VOGONS


First post, by peterferrie

User metadata
Rank Oldbie
Rank
Oldbie

I looked today at how emm386.exe does DMA transfers, to see why it's not affected by wraparounds. What happens is that it has an internal 64kb buffer, and copies to/from there prior to performing the transfer. The internal buffer is required for DMA transfer because the underlying physical pages might not be contiguous in the requester's buffer. The copy is also done using flat mode so there's no wraparound in the requester's buffer, either.

That leads to a question regarding this code:
for ( ; size ; size--, offset++) {
if (offset>(dma_wrapping<<dma16)) {
LOG_MSG(...
}
offset &= dma_wrap;
Why not check for overflow before the copy starts?

Checking after every byte incurs quite a lot of overhead. Moving the check outside of the 'for' loop would also allow switching to an internal buffer to complete the transfer, and thus avoiding the wraparound completely. The &dma_wrap could then be removed, too.
That would improve the compatibility for several games.

Reply 1 of 6, by peterferrie

User metadata
Rank Oldbie
Rank
Oldbie

here's the code for my idea.

Reply 2 of 6, by ripsaw8080

User metadata
Rank DOSBox Author
Rank
DOSBox Author

The wrap check is for a log message, so it doesn't really have to be there. I think the check only needs to be inside the loop if more than one wrap per block is possible. If there can be only one wrap, it's easy to move the check outside:

    size <<= dma16;
offset <<= dma16;
Bit32u dma_wrap = ((0xffff<<dma16)+dma16) | dma_wrapping;
+ if ((offset+size)>(dma_wrapping<<dma16)) {
+ LOG_MSG("DMA segbound wrapping (read): %x:%x size %x [%x] wrap %x",spage,(dma_wrapping<<dma16)+1,(offset+size)-((dma_wrapping<<dma16)+1),dma16,dma_wrapping);
+ }
for ( ; size ; size--, offset++) {
- if (offset>(dma_wrapping<<dma16)) {
- LOG_MSG("DMA segbound wrapping (read): %x:%x size %x [%x] wrap %x",spage,offset,size,dma16,dma_wrapping);
- }
offset &= dma_wrap;
Bitu page = highpart_addr_page+(offset >> 12);

I tried using both messages with games that wrap, and so far have only seen one wrap per block, and both messages report the same numbers.

DOSBox now has a setting for ems=emm386 in SVN, would it make sense to hook the EMM386-specific behavior to that?

Seems like memory allocation and copying will have some performance hit, so what is the gain? Specifically, which games work better?

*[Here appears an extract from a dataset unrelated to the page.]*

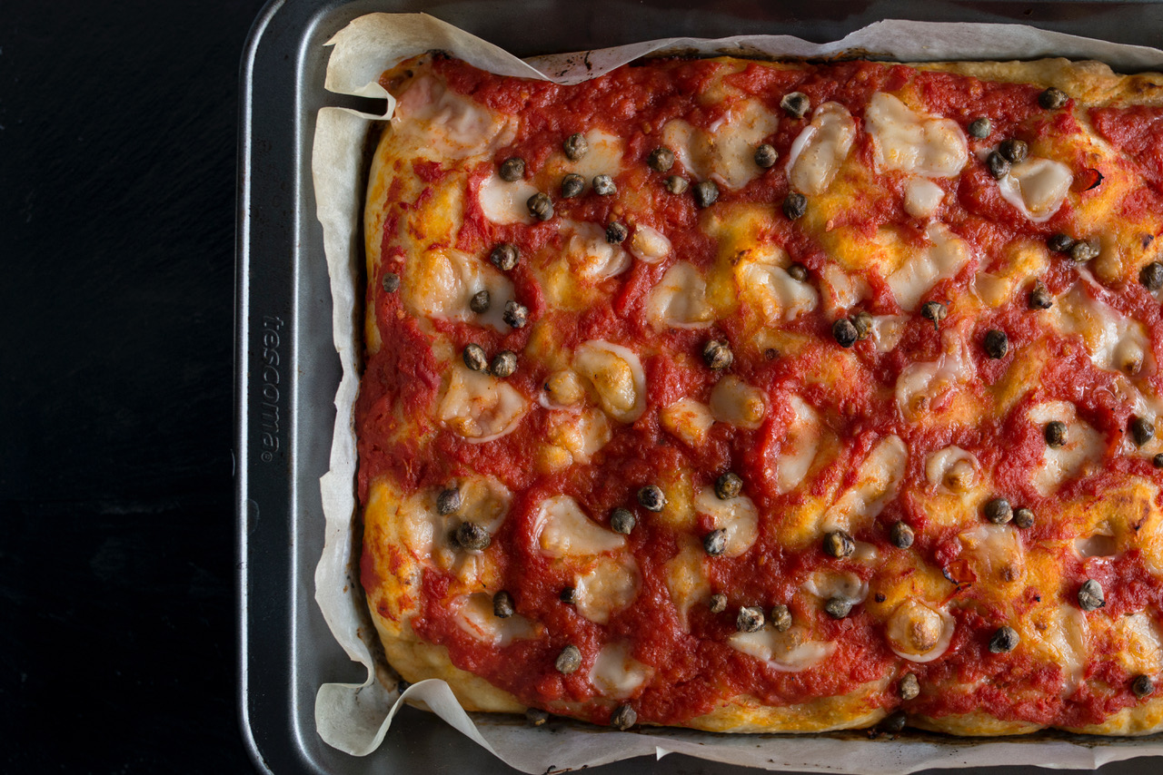Era una di quelle giornate lente, grigie, dove il massimo sforzo era mettere il caffè sul fuoco. Il frigo vuoto tranne per un panetto di lievito, una passata di pomodoro, qualche cappero e… magia: un impasto iniziato per caso si è trasformato in una delle mie pizze preferite di sempre.

Reply 3 of 6, by peterferrie

User metadata
Rank Oldbie
Rank
Oldbie

It can't wrap more than once, because it's limited to 64kb.
The emm386 option actually disables the wrapping, so the behaviour is the same as what I have, and without changing that routine. However, my code avoids recalculating the page for every byte. If nothing else, the 'for' loop should be written as the 'while' loop that I have. I align to a page and then copy an entire page at a time. That's much faster.

Reply 4 of 6, by peterferrie

User metadata
Rank Oldbie
Rank
Oldbie

okay, here's the original code, but rewritten to use the fast 'while' loop.

Reply 5 of 6, by ripsaw8080

User metadata
Rank DOSBox Author
Rank
DOSBox Author

I've only seen DmaChannel::Read() calling the block read for a few bytes at a time (the "want" amount), so it seems like MEM_BlockRead() would be more effective if the sizes were larger.

DOSBox does not currently support decrementing transfers, but if such support were to be added, the existing block read loop is easy to change because of its byte-wise approach. I suppose MEM_BlockRead could have a decrementing variant, though. DOS games apparently tend not use decrementing transfers, but there are at least a couple of demoscene intros that do (and don't work correctly in DOSBox because of it).

Reply 6 of 6, by peterferrie

User metadata
Rank Oldbie
Rank
Oldbie

Supporting that would be easy enough - an 'if' to see if the bit is set, and then a variation of my code, but using a 'for' loop instead of the block copy, if it is.